■ **Dataset entries**
........

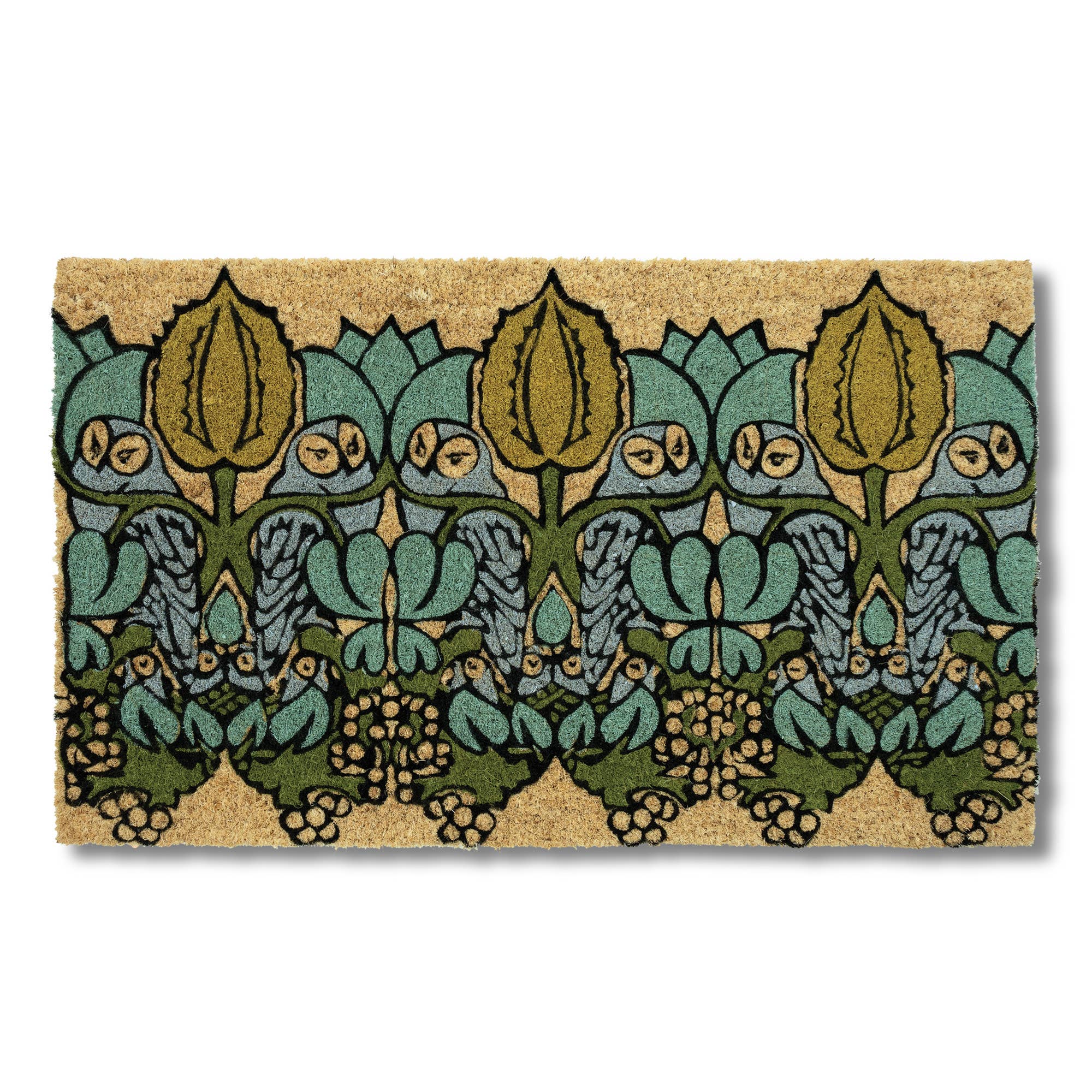 On this doormat, C.F.A. Voysey's design for The Owl from 1897 captures his signature style of fusing organic forms with rhythm and simplicity, making it a hallmark of the Arts and Crafts Movement. Many of Voysey's most captivating designs showcase the influence of William Morris' principles of patternmaking, as well as a deep appreciation for nature.
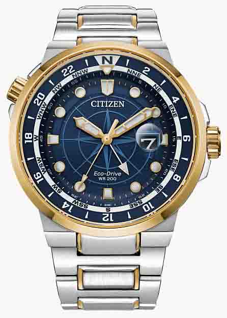 Citizen BJ7144-52L Eco_Drive Endeavor GMT. Chiếc đồng hồ mang đến hởi thở và một sự tự tin mới khi được sở hữu em nó. với tone màu blue kết hợp cùng màu gold sang trọng, bắt mắt. Dial biểu tượng la bàn cực độc, lạ và hiếm cùng chức năng GMT tiện lợi
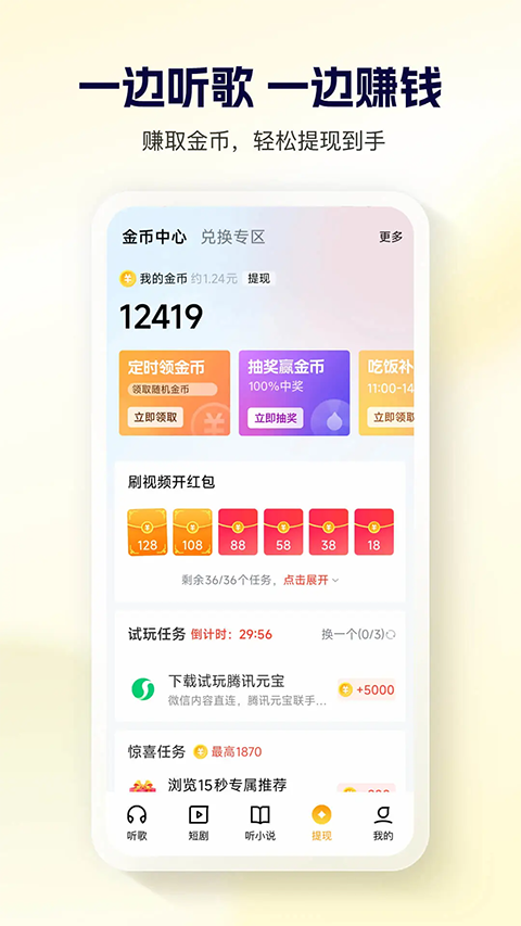 1、【酷狗旗下】 全新版本!海量正版音乐、经典歌曲免费畅听 2、【APP更轻】 性能极致优化,用起来不卡,旧手机也能流畅用 3、【热门好书】 穿越、悬疑、复仇、霸总、虐恋文,应有尽有 4、【热门短剧】 限时体验多种人生,随时刷剧,放松自我功能介绍
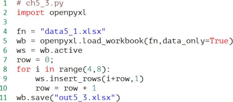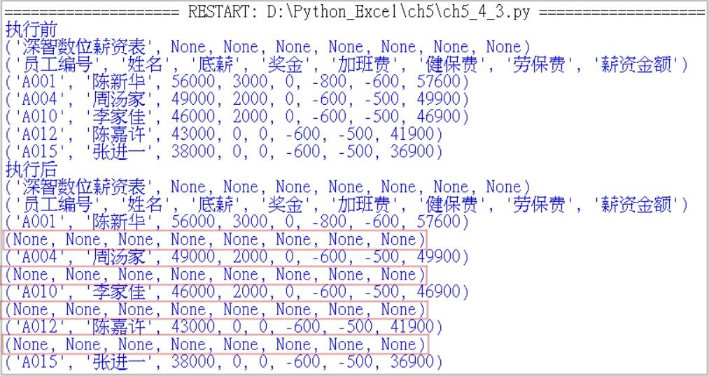 上述框起来的就是插入的行,因为尚未设定单元格内容所以得到None。如果开启out5_4_3.xlsx,可以得到和out5_3.xlsx相同的结果。
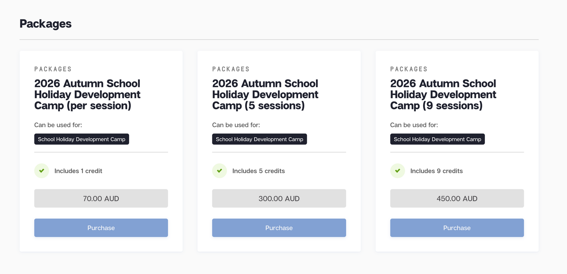 2. Locate the "Autumn School Holiday Development Camp" Packages:
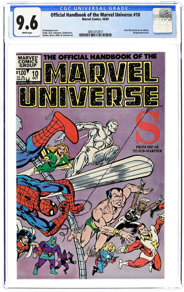 The Official Handbook of the Marvel Universe is a meticulously detailed, alphabetically arranged series of reference volumes that provides data (such as biographical info, weapons, and powers) for countless Marvel characters, both popular and obscure, both new (circa 1983) and old. Issue #10 includes entries ranging from Shi'ar to Sub-Mariner, with Silver Surfer, Skrulls, Spider-Man, Storm, and others in between. Pages by Paul Smith, Mike Zeck, Walt Simonson, Bill Sienkiewicz, Kerry Gammill, Michael Golden, John Byrne, Frank Miller, Jim Starlin, Dave Cockrum, and Butch Guice Cover price $1.00.
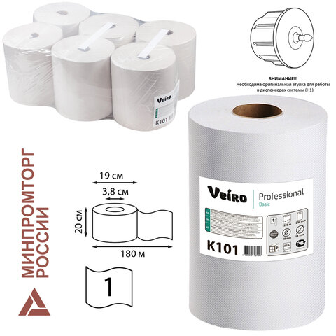 Полотенца бумажные рулонные 180 м, VEIRO (Система H1) BASIC, 1-слойные, цвет натуральный, КОМПЛЕКТ 6 рулонов, K101
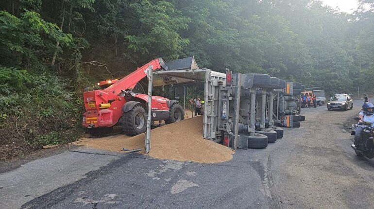 [VIDEO] Accident la Naidăș! Un autotren care transporta cereale s-a răsturnat
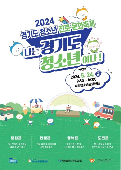 경기도가 24일 오전 9시 30분부터 오후 4시까지 수원청소년문화센터 일대에서 ‘경기도 청소년 진로·문화축제’를 연다.

........

■ **WHAT THE EXERCISE ASKS**
Exact copy, pictures excluded: every line above from the one containing "Citizen BJ7144-52L Eco_Drive" to the one containing "上述框起来的就是插入的行,因", inclusive, and nothing more.

■ **RESPONSE AREA**
 Citizen BJ7144-52L Eco_Drive Endeavor GMT. Chiếc đồng hồ mang đến hởi thở và một sự tự tin mới khi được sở hữu em nó. với tone màu blue kết hợp cùng màu gold sang trọng, bắt mắt. Dial biểu tượng la bàn cực độc, lạ và hiếm cùng chức năng GMT tiện lợi
 1、【酷狗旗下】 全新版本!海量正版音乐、经典歌曲免费畅听 2、【APP更轻】 性能极致优化,用起来不卡,旧手机也能流畅用 3、【热门好书】 穿越、悬疑、复仇、霸总、虐恋文,应有尽有 4、【热门短剧】 限时体验多种人生,随时刷剧,放松自我功能介绍
 上述框起来的就是插入的行,因为尚未设定单元格内容所以得到None。如果开启out5_4_3.xlsx,可以得到和out5_3.xlsx相同的结果。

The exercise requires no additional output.